Copy every line of the records exactly, without including the images.
━━━ Available data
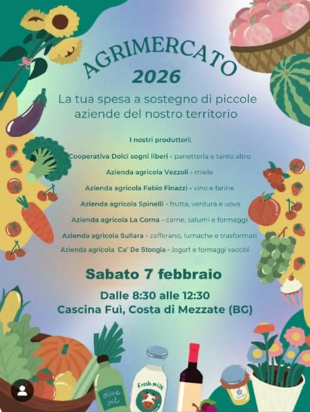 Sabato 7 febbraio 2026, dalle 8:30 alle 12:30, si svolge l’Agrimercato presso Cascina Fui, a Costa di Mezzate.
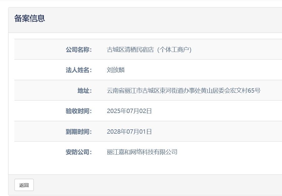 关于古城区麓逸民宿旅店(个体工商户)电子监控安防合格证下证通知
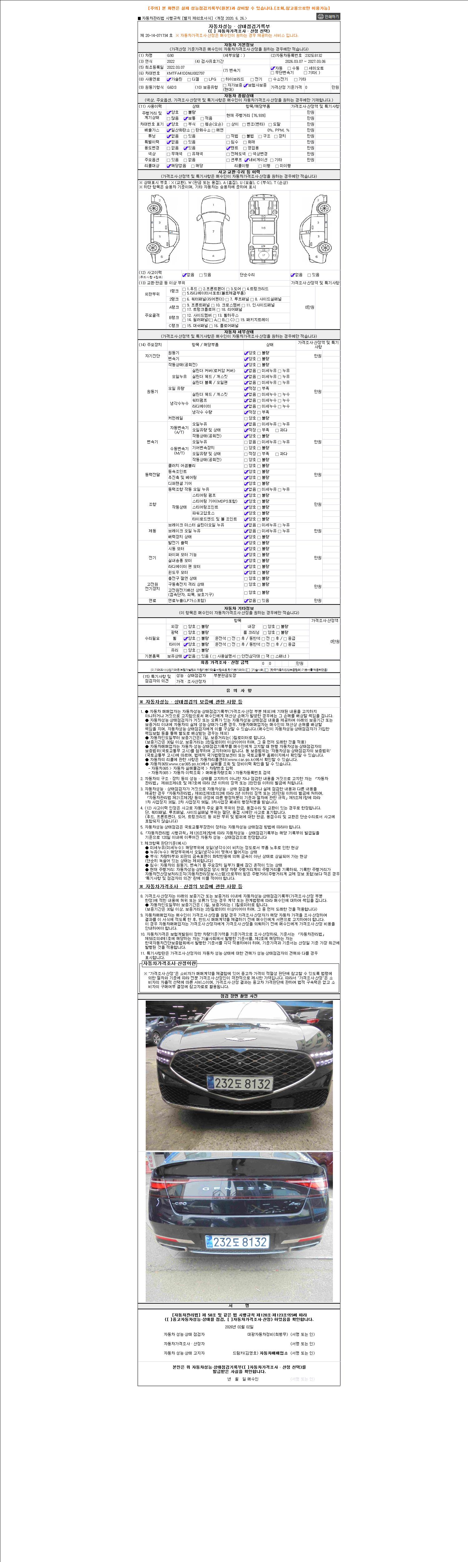 2. 차량 등록증이나 성능점검지 등을 상담자에게 요청및 확인하시고 사전에 미리 점검 하시기를 권유드립니다.
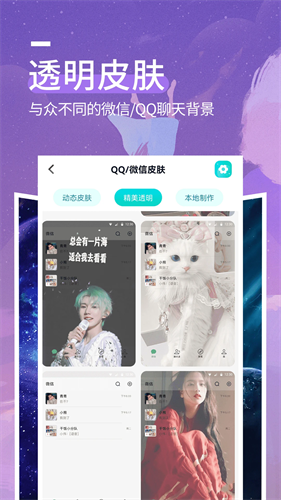 2、透明壁纸、动态壁纸、高清壁纸、头像、主题美化、背景图、名片、心情图,只要你想要的,这里都有。
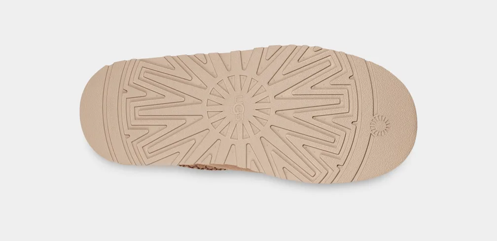 UGG®のタイムレスなスリッパTasman(タスマン)を大胆にアレンジしたTazz(タズ)は、約4.4cmのプラットフォームソールで定番シルエットをリフレッシュ。オリジナルと同じリッチなスエードで作られ、UGG®のシグネチャーであるUGGplush™ウールブレンドのライニングが施され、厚底ソールでもクッション性が高く、屋内外を問わず、スリッパのような履き心地を楽しめます。
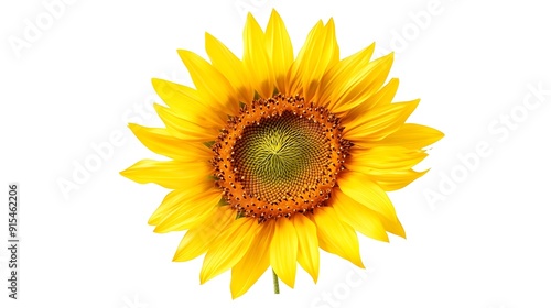 © pkproject, Fototapeta premium Vibrant Sunflower Blooming in Stark White Backdrop with Intricate Petal Texture
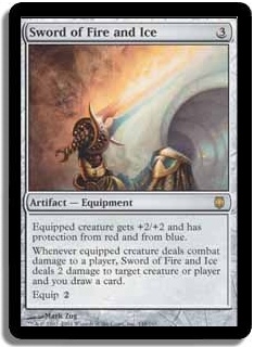 Equipped creature gets +2/+2 and has protection from red and from blue. Whenever equipped creature deals combat damage to a player, Sword of Fire and Ice deals 2 damage to target creature or player and you draw a card. Equip 2
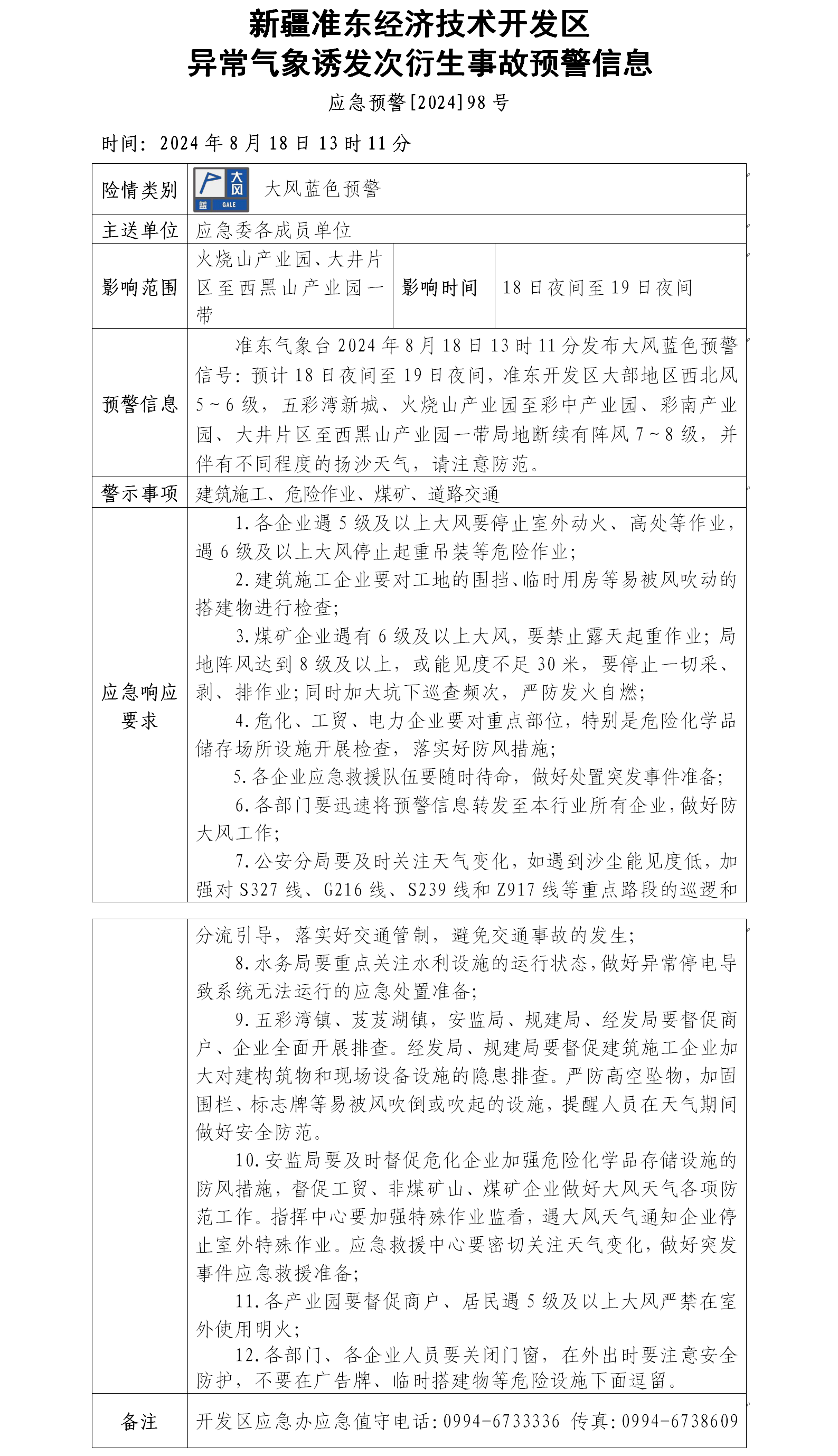新疆准东经济技术开发区异常气象诱发次衍生事故预警信息 应急预警[2024]98号
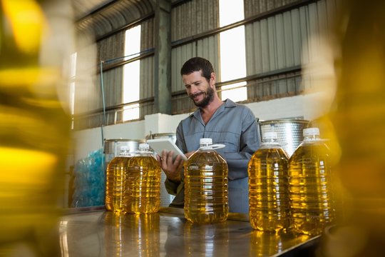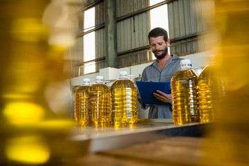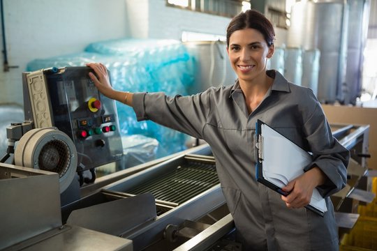 Smiling Worker Holding Clipboard In Olive Factory Images
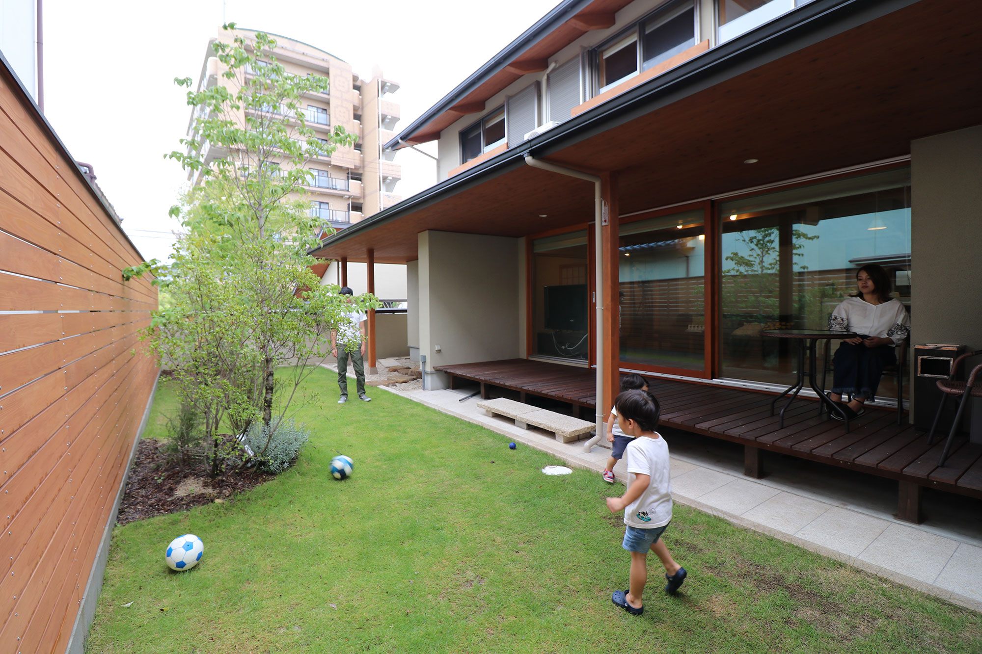 アプローチを利用して区切られたお庭では安全に子供たちが走り回れる空間になりました。家族それぞれが楽しく暮らせるそんなお家です。
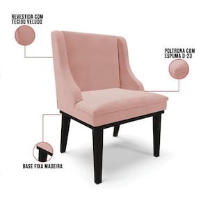 O Kit 8 Cadeiras Estofadas para Sala de Jantar Base Fixa de Madeira Preto Lia Veludo Rosê, da Ibiza, vai deixar a sua Sala de Jantar um espetáculo, confira!
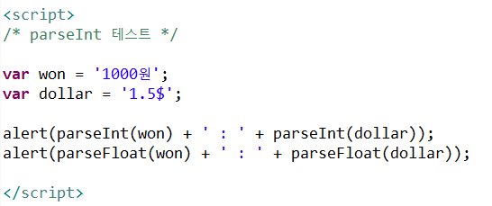 👀 parseInt(), parseFloat() 함수 테스트
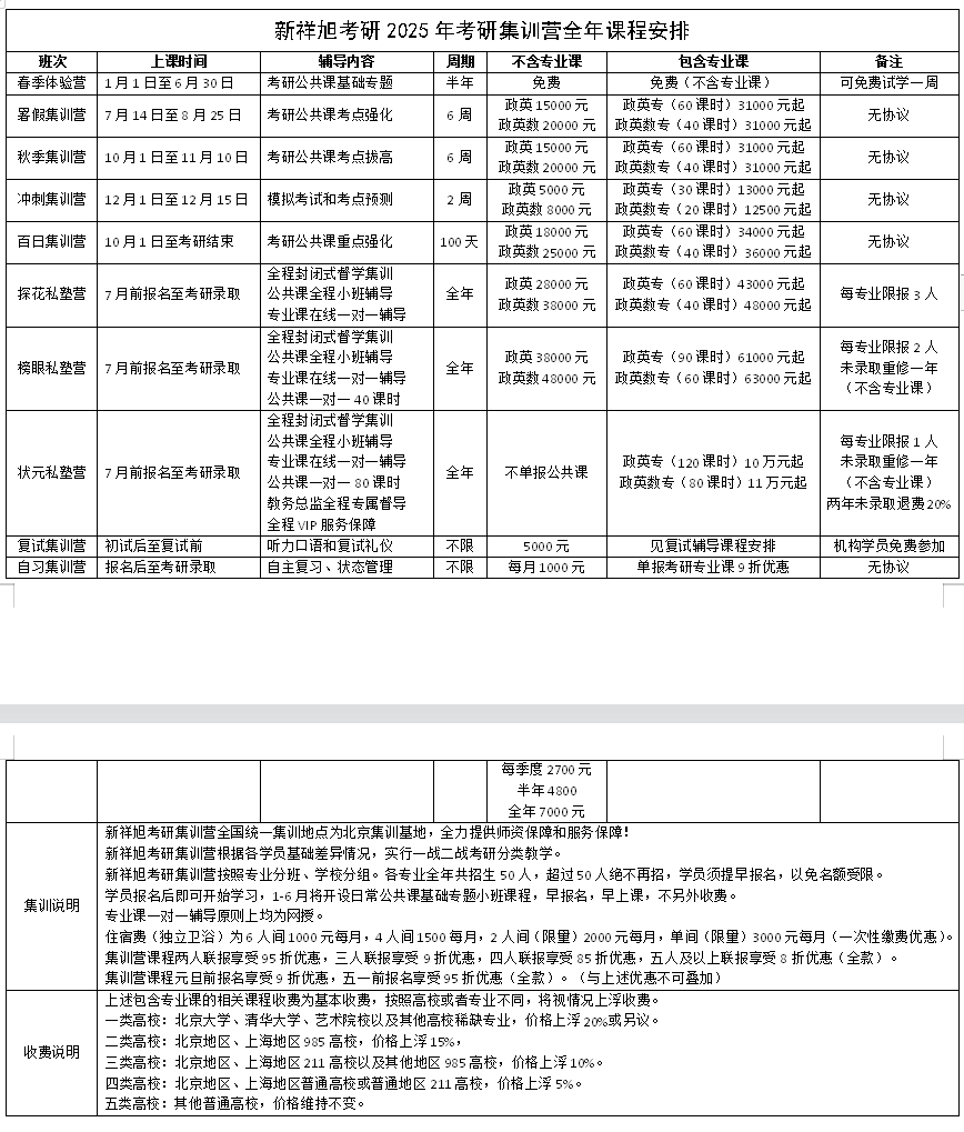 (四)新祥旭集训营全年课程安排
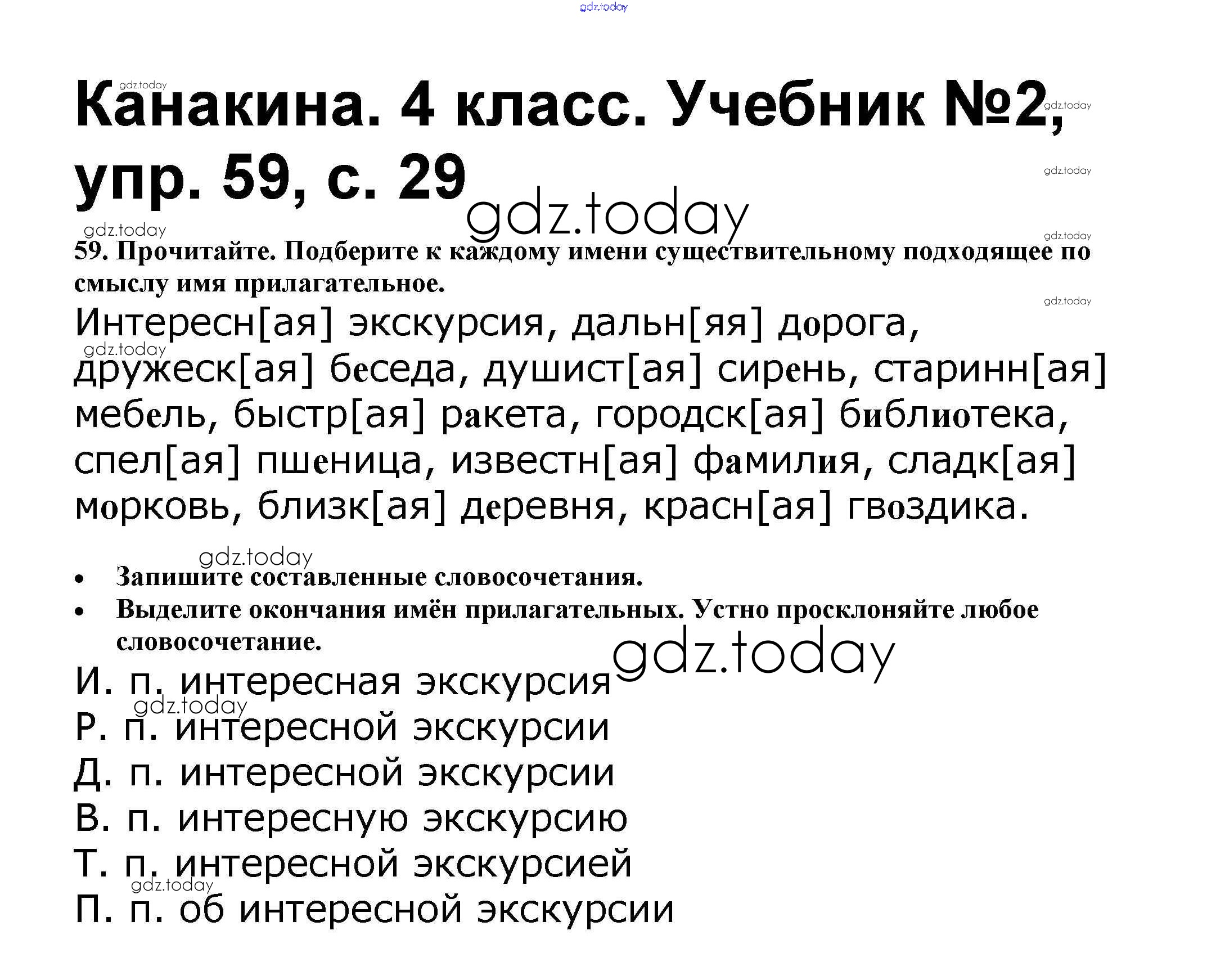 На страницах сайта gdz.today вы найдете учебный и вспомогательный материал, направленный на улучшения знаний школьной программы. ГДЗ - онлайн мир знаний Решение к части 2 59 Учебнику по Русскому языку для 4 класса Канакина, Горецкий Просвещение Школа России 2015
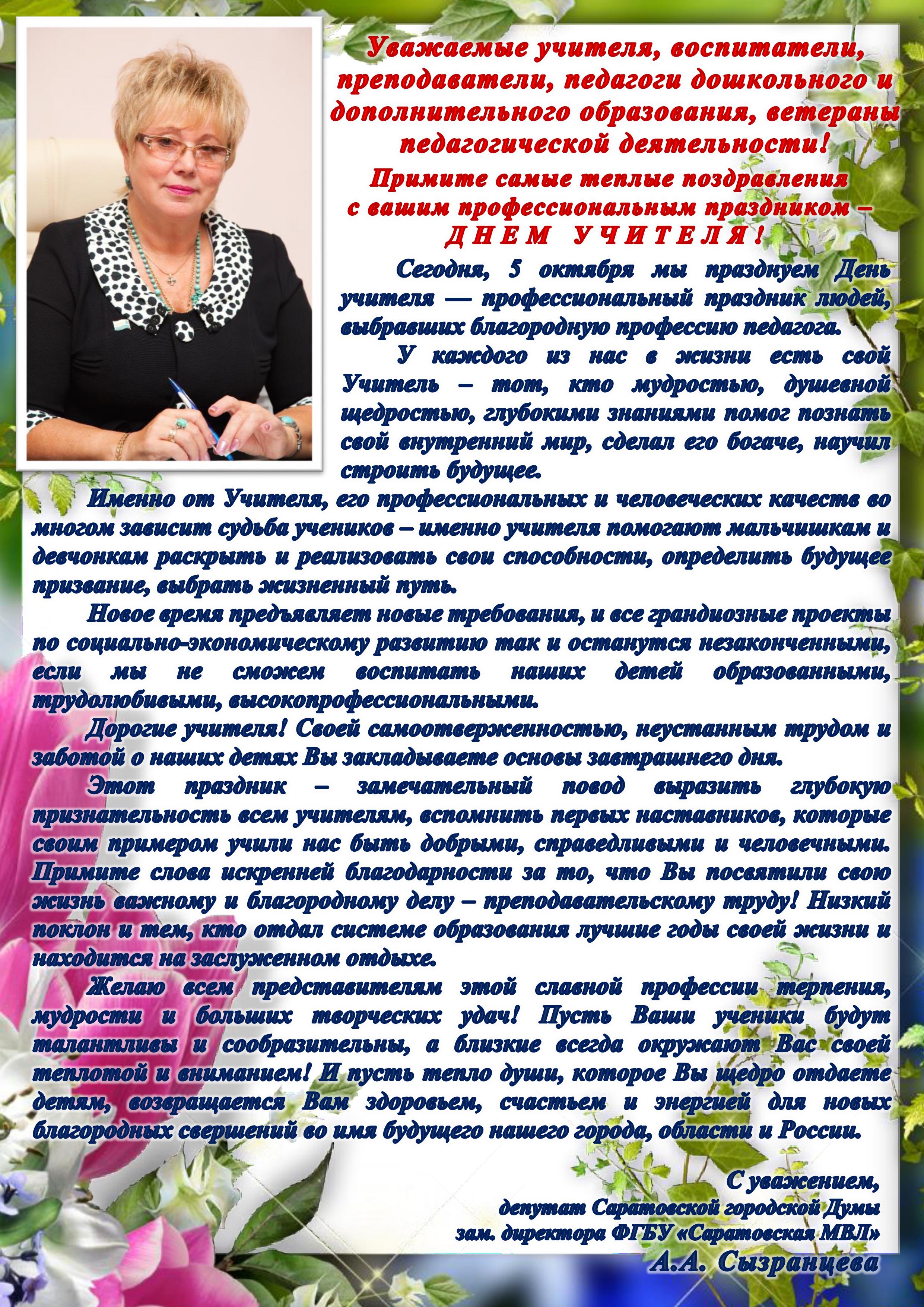 Депутат Александра Сызранцева поздравляет учителей, педагогов и дошкольных работников с профессиональным праздником
━━━━━━
Answer »
 Sabato 7 febbraio 2026, dalle 8:30 alle 12:30, si svolge l’Agrimercato presso Cascina Fui, a Costa di Mezzate.
 关于古城区麓逸民宿旅店(个体工商户)电子监控安防合格证下证通知
 2. 차량 등록증이나 성능점검지 등을 상담자에게 요청및 확인하시고 사전에 미리 점검 하시기를 권유드립니다.
 2、透明壁纸、动态壁纸、高清壁纸、头像、主题美化、背景图、名片、心情图,只要你想要的,这里都有。
 UGG®のタイムレスなスリッパTasman(タスマン)を大胆にアレンジしたTazz(タズ)は、約4.4cmのプラットフォームソールで定番シルエットをリフレッシュ。オリジナルと同じリッチなスエードで作られ、UGG®のシグネチャーであるUGGplush™ウールブレンドのライニングが施され、厚底ソールでもクッション性が高く、屋内外を問わず、スリッパのような履き心地を楽しめます。
 © pkproject, Fototapeta premium Vibrant Sunflower Blooming in Stark White Backdrop with Intricate Petal Texture
 Equipped creature gets +2/+2 and has protection from red and from blue. Whenever equipped creature deals combat damage to a player, Sword of Fire and Ice deals 2 damage to target creature or player and you draw a card. Equip 2
新疆准东经济技术开发区异常气象诱发次衍生事故预警信息 应急预警[2024]98号
 Smiling Worker Holding Clipboard In Olive Factory Images
 アプローチを利用して区切られたお庭では安全に子供たちが走り回れる空間になりました。家族それぞれが楽しく暮らせるそんなお家です。
 O Kit 8 Cadeiras Estofadas para Sala de Jantar Base Fixa de Madeira Preto Lia Veludo Rosê, da Ibiza, vai deixar a sua Sala de Jantar um espetáculo, confira!
 👀 parseInt(), parseFloat() 함수 테스트
 (四)新祥旭集训营全年课程安排
 На страницах сайта gdz.today вы найдете учебный и вспомогательный материал, направленный на улучшения знаний школьной программы. ГДЗ - онлайн мир знаний Решение к части 2 59 Учебнику по Русскому языку для 4 класса Канакина, Горецкий Просвещение Школа России 2015
 Депутат Александра Сызранцева поздравляет учителей, педагогов и дошкольных работников с профессиональным праздником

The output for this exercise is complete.